(As you pointed out before, elemental liquid Li or Pb would interfere with magnetic containment. LiH is an example of a diamagnetic Li-rich material resistant to radioactivation (other than the desired 3H). We need a great deal of Li in the neutron-absorbing blanket to breed tritium fuel.)
1000 tons of lithium deuteride (half 6Li, half 7Li, all 2H) would cost ~$2B for the deuterium, plus a smallish fraction of that for the 6Li-enriched lithium. Any deuterium that picks up a neutron would become tritium, adding to what is got by fooling with the lithium. Maybe you economize with half-H, half-2H, for only ~$1B.

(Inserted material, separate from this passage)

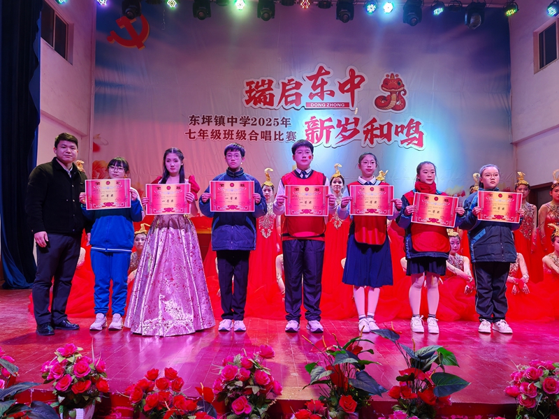 本网讯 12月31日晚,东坪镇中学校园里歌声激昂,一场以“瑞启东中 新岁和鸣”为主题的七年级元旦合唱比赛在学校大礼堂隆重举行。七年级15个班级800名同学积极参与了此次合唱比赛。 党支部书记、校长王飞的激情致辞拉开了元旦合唱比赛的序幕。各班同学以饱满的精神状态演唱了《东中校歌》和自选歌曲。舞台上,同学们着装整齐,自信大方。同学们用嘹亮的歌声、精准的音调、明快的节奏、精彩的表现,赢得了观众的阵阵掌声与赞叹,展现出东中学子团结协作、乐观进取的精神风貌。唱出了对祖国、对学校的深情,对美好生活的向往。 经过激烈的角逐,2404、2407、2408、2401、2410、2413、2414七个班级获得本次比赛的一等奖,其余班级获得二等奖。2404班王悦航、2408班夏威夷、2407班刘雨泽等七位同学获得“优秀指挥员”奖。 初审初校:王子慕 复审复校:邓峥 终审终校:刘卫安

You have many reasons not to let your LiH catch fire, beyond that it cost you $1-2B and would totally destroy your $50B reactor and be deucedly hard to put out. It burns in air to LiOH, Li3N and H2, and reacts with any water, CO2, or nitrogen you might have hoped would douse it. Li3N further reacts with the hydrogen making lithium amide LiNH2, thence various unpleasant peroxides.
Regular LiH is solid at a more-familiar operating temperature under 400C, and liquid at what might thought an extreme 700C. The deuterides would raise the melting point some. You really want something in there to scavenge any metallic lithium, if molten, because that corrodes steel and silica.

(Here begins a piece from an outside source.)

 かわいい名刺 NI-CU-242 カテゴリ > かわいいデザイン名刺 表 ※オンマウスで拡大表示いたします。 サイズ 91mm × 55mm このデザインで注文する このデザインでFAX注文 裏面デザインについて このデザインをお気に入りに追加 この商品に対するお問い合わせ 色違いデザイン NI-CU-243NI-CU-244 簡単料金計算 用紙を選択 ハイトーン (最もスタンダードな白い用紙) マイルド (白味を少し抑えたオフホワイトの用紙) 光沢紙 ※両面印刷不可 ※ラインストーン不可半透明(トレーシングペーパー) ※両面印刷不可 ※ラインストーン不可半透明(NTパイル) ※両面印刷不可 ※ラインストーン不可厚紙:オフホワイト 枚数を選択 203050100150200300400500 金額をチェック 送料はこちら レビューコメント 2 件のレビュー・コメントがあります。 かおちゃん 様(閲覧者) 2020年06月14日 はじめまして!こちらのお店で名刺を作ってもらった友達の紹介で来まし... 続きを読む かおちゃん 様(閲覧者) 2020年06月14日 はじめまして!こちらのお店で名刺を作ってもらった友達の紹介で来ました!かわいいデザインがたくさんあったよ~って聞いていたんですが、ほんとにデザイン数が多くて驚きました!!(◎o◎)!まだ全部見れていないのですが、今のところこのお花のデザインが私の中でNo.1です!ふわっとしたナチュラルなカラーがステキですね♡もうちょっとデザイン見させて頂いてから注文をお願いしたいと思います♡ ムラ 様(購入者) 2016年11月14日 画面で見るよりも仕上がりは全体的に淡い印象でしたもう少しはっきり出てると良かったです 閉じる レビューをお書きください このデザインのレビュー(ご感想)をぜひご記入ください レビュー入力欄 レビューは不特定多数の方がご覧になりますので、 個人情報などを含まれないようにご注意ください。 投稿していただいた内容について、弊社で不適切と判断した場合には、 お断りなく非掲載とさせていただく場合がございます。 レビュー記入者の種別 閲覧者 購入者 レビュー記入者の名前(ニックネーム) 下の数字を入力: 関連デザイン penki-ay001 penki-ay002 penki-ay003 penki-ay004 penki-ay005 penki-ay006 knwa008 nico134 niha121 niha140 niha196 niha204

The second sentence is a good reason NOT to use hydrogen in your breeding material, since if you do you have to separate the tritium from it, and do it very rapidly.

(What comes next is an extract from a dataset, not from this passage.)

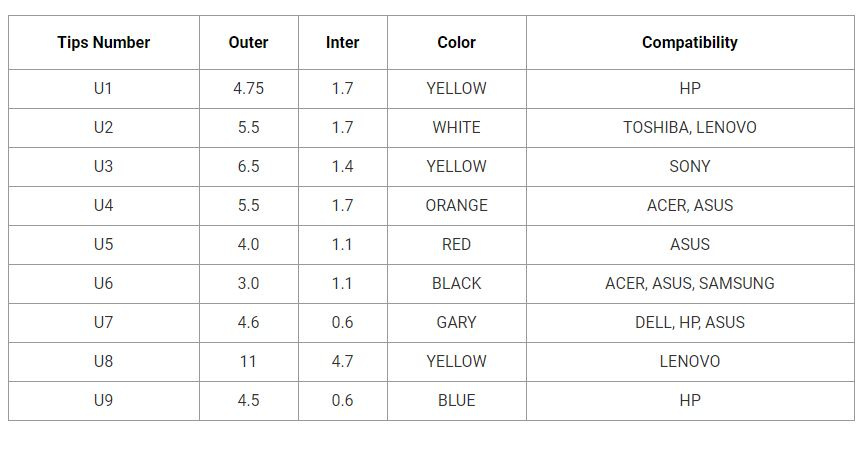 *Kompatibilní s většinou 18 ~ 20V vstupních notebooků

Not getting this. I understand you have to get it out fast because you need it for fuel tomorrow. Is it that you don't want your bred tritium floating in a sea of regular hydrogen, needing separation by physical rather than chemical means?
It's a totally avoidable problem, though. Also, you really want to recycle tritium back into the reactor really quickly (like, within hours, if possible) or else closing the tritium breeding loop becomes more difficult.
Wow, that slide deck makes fusion look even worse that I had thought.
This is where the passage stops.